|
Vasco Visser
2012-08-30, 17:41
Vinod Kumar Vavilapalli
2012-08-30, 18:19
Vasco Visser
2012-08-30, 23:38
祝美祺
2012-08-31, 02:07
Vinod Kumar Vavilapalli
2012-08-31, 03:51
Vasco Visser
2012-08-31, 11:17
Vinod Kumar Vavilapalli
2012-08-31, 22:59
Vasco Visser
2012-09-02, 16:41
|
-
Questions with regard to scheduling of map and reduce tasksVasco Visser 2012-08-30, 17:41
Hi,
When running a job with more reducers than containers available in the cluster all reducers get scheduled, leaving no containers available for the mappers to be scheduled. The result is starvation and the job never finishes. Is this to be considered a bug or is it expected behavior? The workaround is to limit the number of reducers to less than the number of containers available. Also, it seems that from the combined pool of pending map and reduce tasks, randomly tasks are picked and scheduled. This causes less than optimal behavior. For example, I run a task with 500 mappers and 30 reducers (my cluster has only 16 machines, two containters per machine (duo core machines)). What I observe is that half way through the job all reduce tasks are scheduled, leaving only one container for 200+ map tasks. Again, is this expected behavior? If so, what is the idea behind it? And, are the map and reduce task indeed randomly scheduled or does it only look like they are? Any advice is welcome. Regards, Vasco
-
Re: Questions with regard to scheduling of map and reduce tasksVinod Kumar Vavilapalli 2012-08-30, 18:19
Since you mentioned containers, I assume you are using hadoop 2.0.*. Replies inline. > When running a job with more reducers than containers available in the > cluster all reducers get scheduled, leaving no containers available > for the mappers to be scheduled. The result is starvation and the job > never finishes. Is this to be considered a bug or is it expected > behavior? The workaround is to limit the number of reducers to less > than the number of containers available.
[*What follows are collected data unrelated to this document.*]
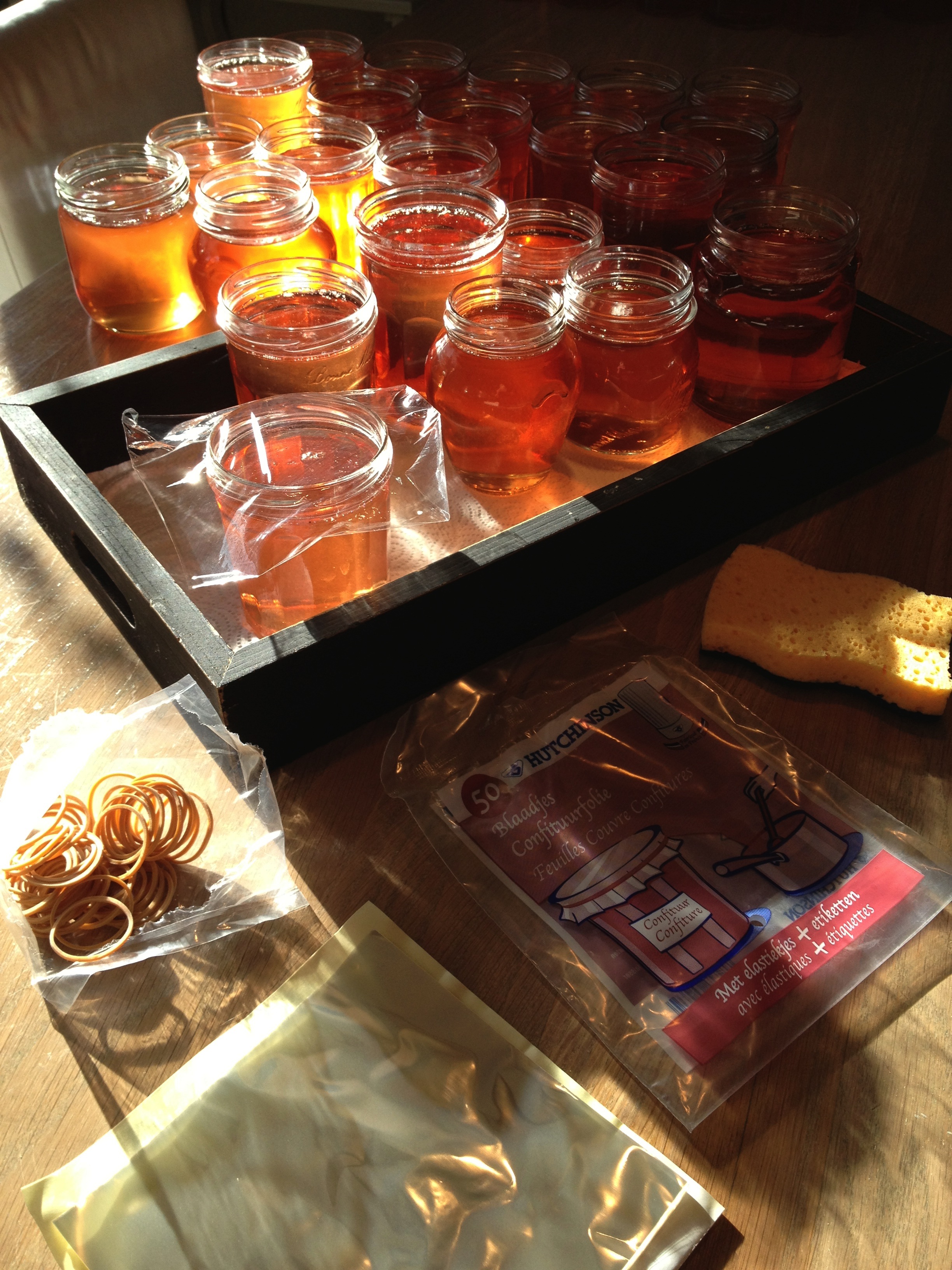 7. vérifier que ce soit bien geléifié (en faisant couler une goutte sur une assiette à la verticale), et mettre dans des pots bien lavés à l’eau bouillante
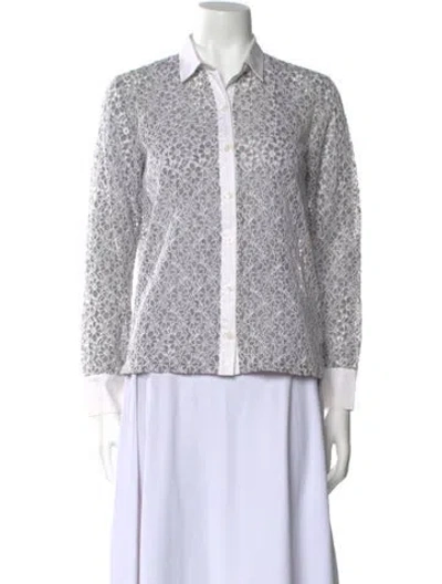 Pre-owned Lace Pattern Long Sleeve Button-up Top In Multi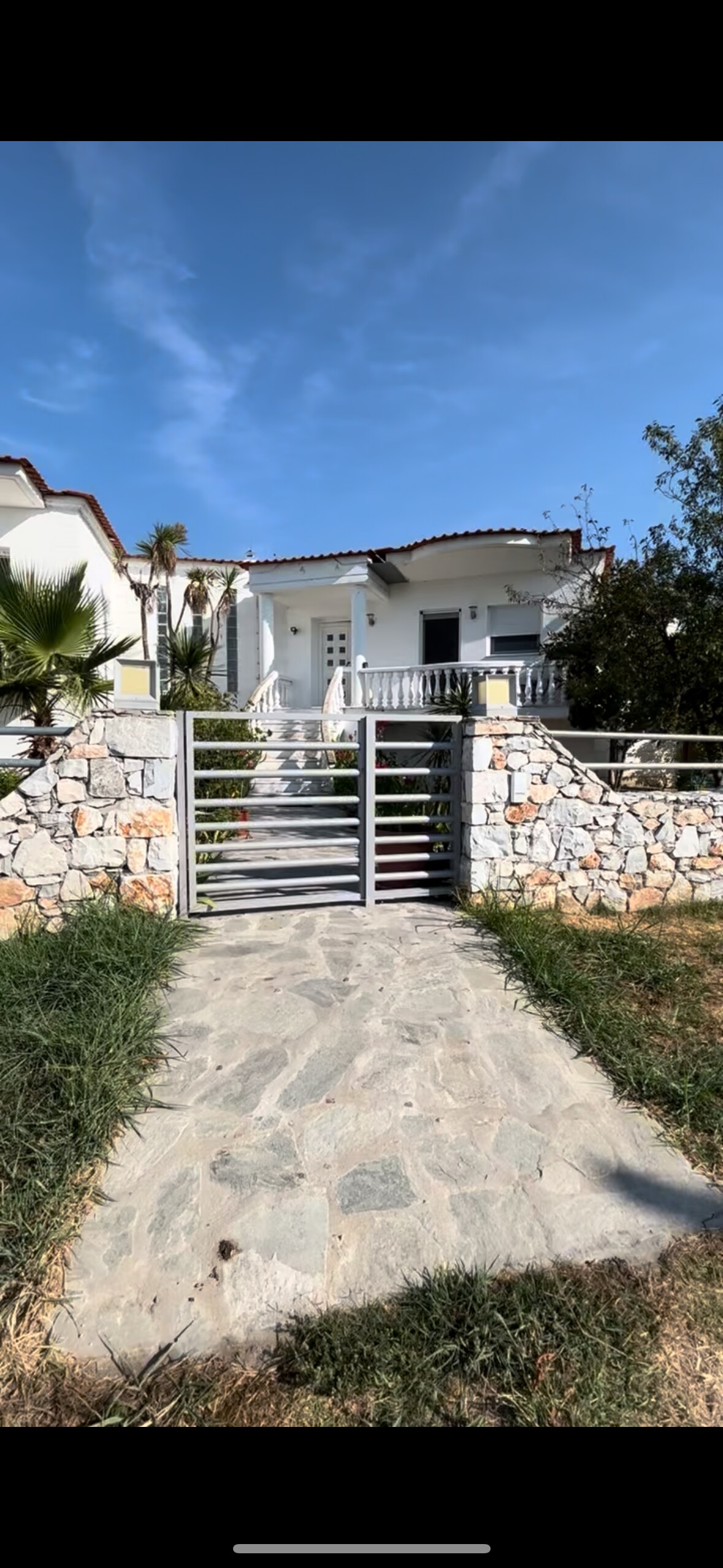 illa de 140m² entourée d'oliviers SALON 25m² 3 CHAMBRES avec climatisation 10 lits, 6 doubles, 2 canapés-lits, 2 lits simples 3 lits bébé/berceaux, 3 SALLES DE BAINS cuisine micro-ondes et four statique, 2 grands réfrigérateurs avec congélateur 3 VÉRANDAS 3x6 PERGOLA 60m², équipée pour petit déjeuner déjeuner dîner, barbecue four rôtissoire, AIRE DE JEUX 200m² COUR 300m² Animaux acceptés. PLAGE À 300 mètres de la baie de Skidia et à 1200 mètres des plages d'Aliky et Thimonià.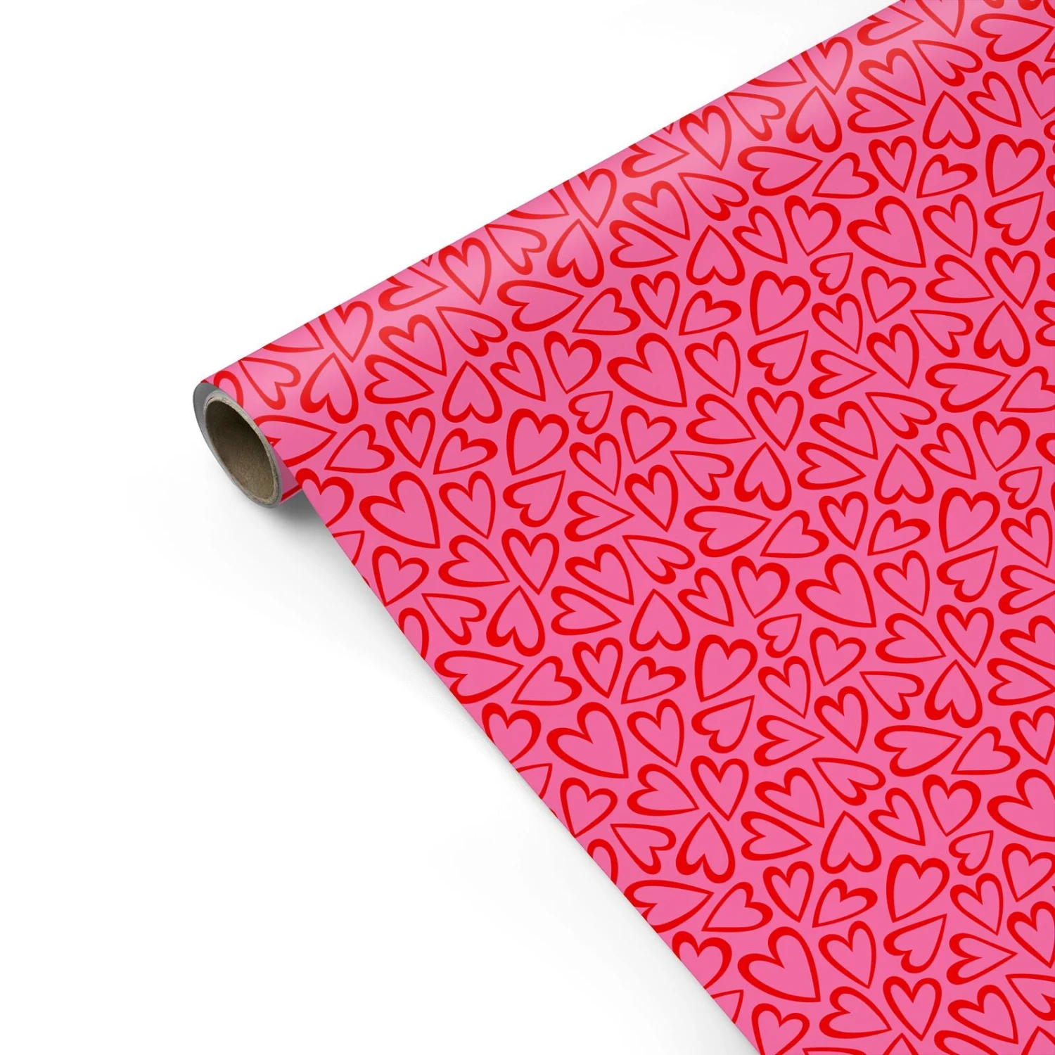 This vibrant pink and red love heart wrapping paper is the perfect choice for celebrating love and romance. Featuring a playful heart doodle pattern set against a bold backdrop, this design radiates warmth and affection.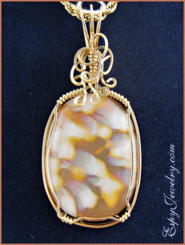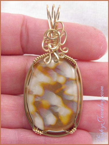 This art glass pendant is handcrafted from 14K/20 gold filled wire and a pretty cabochon created from blown art glass. What a great way to recycle art glass pieces that have been broken.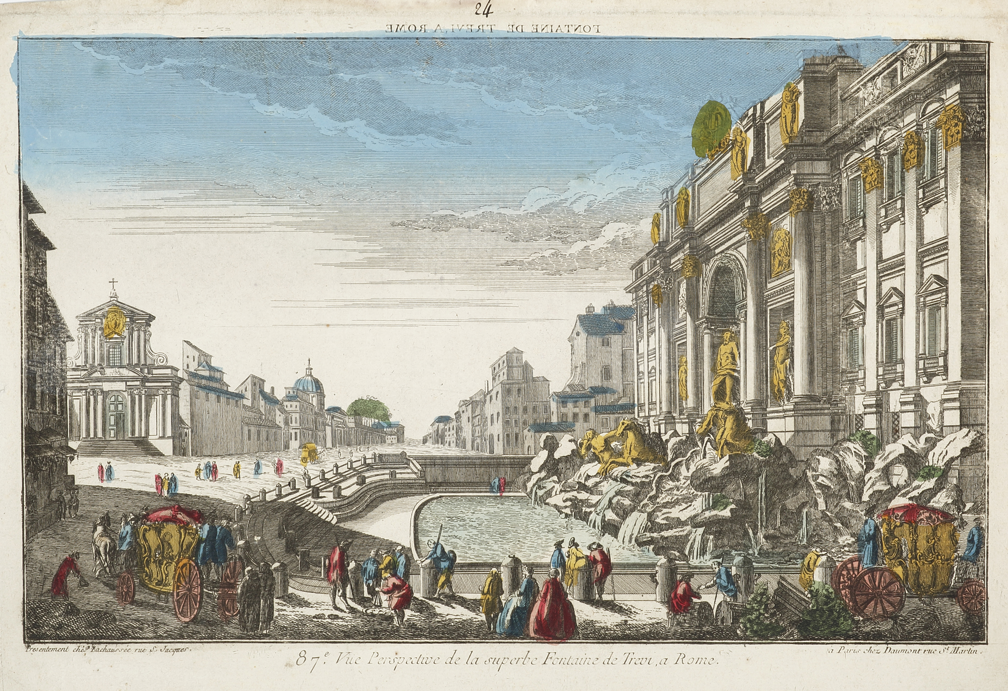Fine c.18th vue Optic of Fontana di Trevi, the most famous of all the fountains in Rome. It was designed by the architect Nicola Salvi and completed by Giuseppe Pannini. It’s name derives from the Latin word Trivium (intersection of three streets); De ‘Crocicchi Street, Poli Street and Delle Muratte Street.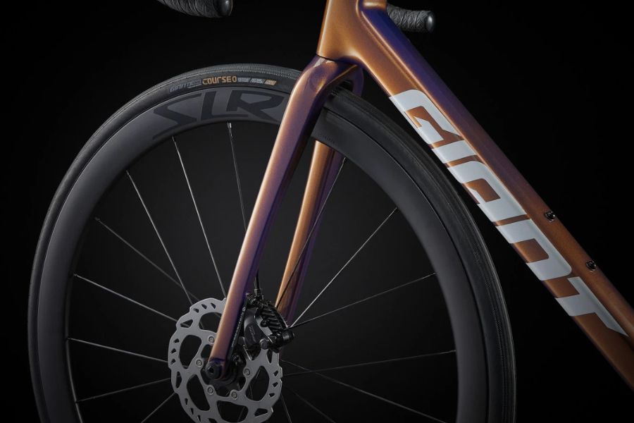 Xe được trang bị phuộc Advanced SL-Grade Composite giúp tối ưu hiệu suất đạp và giảm trọng lượng. Hệ thống bánh xe Giant SLR 1 40 Carbon Disc kết hợp với lốp Giant Gavia Course 0 tubeless giúp tăng độ bám đường và cải thiện khả năng xử lý tình huống trên các cung đường khó khăn.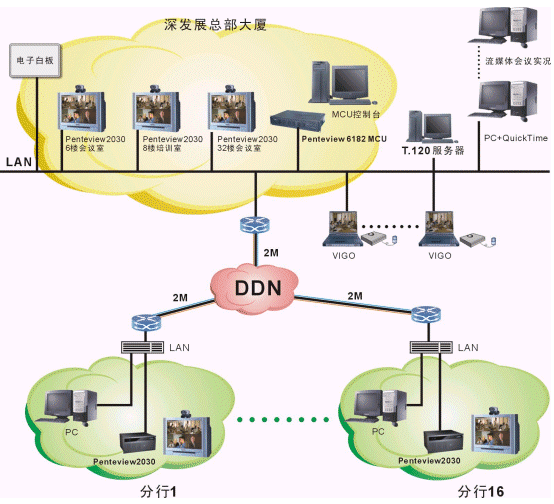 整個(gè)深圳發(fā)展銀行會(huì)議電視系統(tǒng)組網(wǎng)分為兩級(jí),中心點(diǎn)3套Penteview2030到下面的16個(gè)異地的分支行。深圳發(fā)展銀行大廈6樓大會(huì)議室、培訓(xùn)小會(huì)議室、32樓會(huì)議室作為主會(huì)議室,在6樓的機(jī)房中放置主MCU和一個(gè)終端,培訓(xùn)小會(huì)議室放置一個(gè)終端,其他16個(gè)異地分支行分別放置一臺(tái)Penteview2030終端,通過現(xiàn)有的深發(fā)展DDN網(wǎng)絡(luò)相互連通。根據(jù)深發(fā)展通信網(wǎng)絡(luò)結(jié)構(gòu)及傳輸容量的實(shí)際情況,會(huì)議電視系統(tǒng)采用星型拓?fù)溥B接,各地可通過現(xiàn)有的DDN專線劃出768K-2M的帶寬,進(jìn)行視頻會(huì)議的方式組建起多點(diǎn)會(huì)議電視系統(tǒng)。提供的方案為:MCU選擇支持H.323的MCU Penteview 6180,終端采用支持H.323的Penteview 2030;

No, you don't need to limit reducers yourselves, MR ApplicationMaster is smart enough to figure out available cluster/queue capacity and schedule maps/reduces accordingly. If ever it runs into a situation where it has outstanding maps but reduces happen to occupy all available resources, it will preempt reduces and start running maps. > Also, it seems that from the combined pool of pending map and reduce > tasks, randomly tasks are picked and scheduled. This causes less than > optimal behavior. For example, I run a task with 500 mappers and 30 > reducers (my cluster has only 16 machines, two containters per machine > (duo core machines)). What I observe is that half way through the job > all reduce tasks are scheduled, leaving only one container for 200+ > map tasks. Again, is this expected behavior? If so, what is the idea > behind it? And, are the map and reduce task indeed randomly scheduled > or does it only look like they are? No, again MR ApplicationMaster is smart and the scheduling isn't random. It runs maps first, and slowly ramps up reduces as maps finish. HTH +Vinod Kumar Vavilapalli Hortonworks Inc. http://hortonworks.com/
-
Re: Questions with regard to scheduling of map and reduce tasksVasco Visser 2012-08-30, 23:38
FYI: the starvation issue is a known bug
(https://issues.apache.org/jira/browse/MAPREDUCE-4299). Still interested in answers to the questions regarding the scheduling though. If anyone can share some info on that it is much appreciated. regards, Vasco
-
Re: Questions with regard to scheduling of map and reduce tasks祝美祺 2012-08-31, 02:07
Umsubscribe
2012/8/31 Vasco Visser <[EMAIL PROTECTED]> > FYI: the starvation issue is a known bug > (https://issues.apache.org/jira/browse/MAPREDUCE-4299). > > Still interested in answers to the questions regarding the scheduling > though. If anyone can share some info on that it is much appreciated. > > regards, Vasco >
-
Re: Questions with regard to scheduling of map and reduce tasksVinod Kumar Vavilapalli 2012-08-31, 03:51
> 0.23.1 with Pig 0.10.0 on top. Ok. > How is the preemption suppose to work? Is a single reducer suppose to > be preempted or will a batch of reducers be preempted. A batch of reducers. Enough reducers will be killed to accommodate any/all pending map-tasks. > Also, when you > say preemption, do you mean that the current execution of a reducer is > actually paused and resumed again later. Or, does preemption mean that > the reducer's container is discarded and must be started again from > scratch? No, by preempted, I mean that the current reduce tasks are killed. And because MapReduce tolerates arbitrary number of killed task-attempts (as opposed to failed task-attempts), this is okay. So yes, the reducers when they get rescheduled will start all-over again. > Do you know of any doc on the specifics of task scheduling? Would you > say that the example I gave is in line with how scheduling is > intended? We don't have docs on task-level scheduling, but you can look at RMContainerAllocator.java and related classes in MRAppMaster (i.e. hadoop-mapreduce-client-app/ module) for understanding this. And no, like I mentioned before scheduling isn't random, but maps first, and a slow reduce ramp-up as reducers finish. > FYI: the starvation issue is a known bug (https://issues.apache.org/jira/browse/MAPREDUCE-4299). Mistook that you were using capacity-scheduler. There were other such bugs in both the Fifo and capacity-schedulers which got fixed (not sure of fixed-version). We've tested Capacity-scheduler a lot more if you pick up the latest version - 0.23.2/branch-0.23 HTH +Vinod Kumar Vavilapalli Hortonworks Inc. http://hortonworks.com/
-
Re: Questions with regard to scheduling of map and reduce tasksVasco Visser 2012-08-31, 11:17
Thanks again for the reply, it is becoming clear.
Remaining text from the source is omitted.